HARVESTING: Harvest mint stems as the plant grows. Mint will grow speedily and you will soon have lots to share with friends and family. After a year’s harvest, or when stems turn blackish, replenish your soil and keep growing mint. Do note that it will be difficult to grow almost anything else in that container ever again, as your mint will never completely die out and will be reborn again and again despite your best efforts!
Mint propagated from fresh grocery store produce
Fresh and fragrant, mint is a delight to grow. Just keep it contained!
© Mumbai Farmer 2014. Do not copy in part or whole without prior written permission from the author. Infringement of copyright will render you liable for legal action.
Can you please explain what do u mean by Oblique furrows? I tried searching on the net without any luck.
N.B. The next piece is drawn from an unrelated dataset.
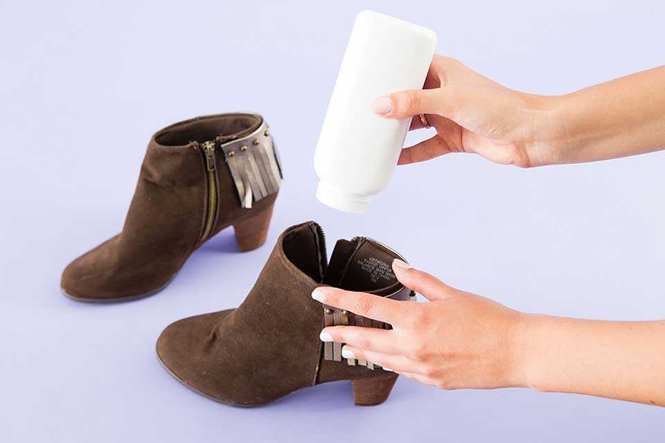 - Спреи перед нанесением рекомендуется встряхнуть и распылить на внутреннюю поверхность обуви. Надевать только после высыхания.

It’s raining in Mumbai right now. Do you think we can propagate mint cuttings in this season too? Please advise
Yes, this is the perfect time!
Nothing much can kill mint once it has taken root. Excessive rain and humidity may cause some leaf loss but you can still go right ahead and plant cuttings, and chop off bad leaves if it comes to it. Once sunny skies are back, your well rooted mint will be born again 🙂
Hey Mumbai Farmer,
I’m not sure what I am doing wrong here but no matter how much I read that mint propagates very quickly I find that my mint plant doesn’t do so. It grows so slowly and doesn’t go wild like all articles online say. What could I be doing wrong? (I live in Navi Mumbai.)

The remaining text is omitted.